5.4 Effectiveness of selected specific brain regions

To further verify the importance of selecting specific brain regions \({\textbf{T}}\) (SelectSBA), we conducted experiments that removed from our framework (namely w/o SelectSBA) on all datasets. As shown in Table 7, the results of our proposed method are better than that of w/o SelectSBA on disease classification task, which indicates that selecting specific brain regions \(\mathbf{{T}}\) plays a vital role in improving the classification effectiveness.

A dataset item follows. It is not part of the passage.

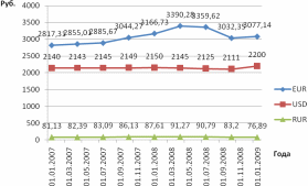 Если ранее при установлении обменного курса белорусского рубля к иностранным валютам фактически осуществлялась его привязка к доллару США, то в этом году в механизме курсообразования существенно усилилась роль других валют, наиболее значимых для экономики нашей страны показаны на рисунке 3. Со 2 января 2009 года Национальный банк перешел к использованию механизма привязки курса белорусского рубля к корзине иностранных валют: доллар США - евро - российский рубль.

Then, the visualization of top brain regions by the proposed method on all datasets can be viewed in Fig. 2. The proposed method selected 12, 13, 14, and 25 brain regions on the dataset FTD, OCD, ADNI, and ABIDE, respectively.

6 Conclusion

In this article, we have proposed a new hierarchical graph learning with convolutional network framework for brain disease diagnosis, which can process both local brain regions and subject information as a whole. The framework consists of two parts including the individual graph model that learns the node representation of each brain region through GCN and uses a graph to capture the graph-level features of each subject, and the population graph model that further updates the graph data by embedding each node through the aggregation of representations of its neighbours and itself. Experimental results show that our proposed method surpasses the comparison algorithms on three real data sets. In future work, we will improve our model as follows. Aiming to the data, the characteristics of rs-fMRI may not be considered comprehensively, that is, the time series information and the correlations between time series will be considered in the future model. Paying attention to the model structure, each subject has private information and common information related to different diseases, so our future model will optimize the model structure and search the private information and common information across subjects and across similar diseases. Trying different kinds of graph representations and features to improve the accuracy of brain disease prediction, and focusing on the interpretability of each brain region of each subject and of each subject at the same time.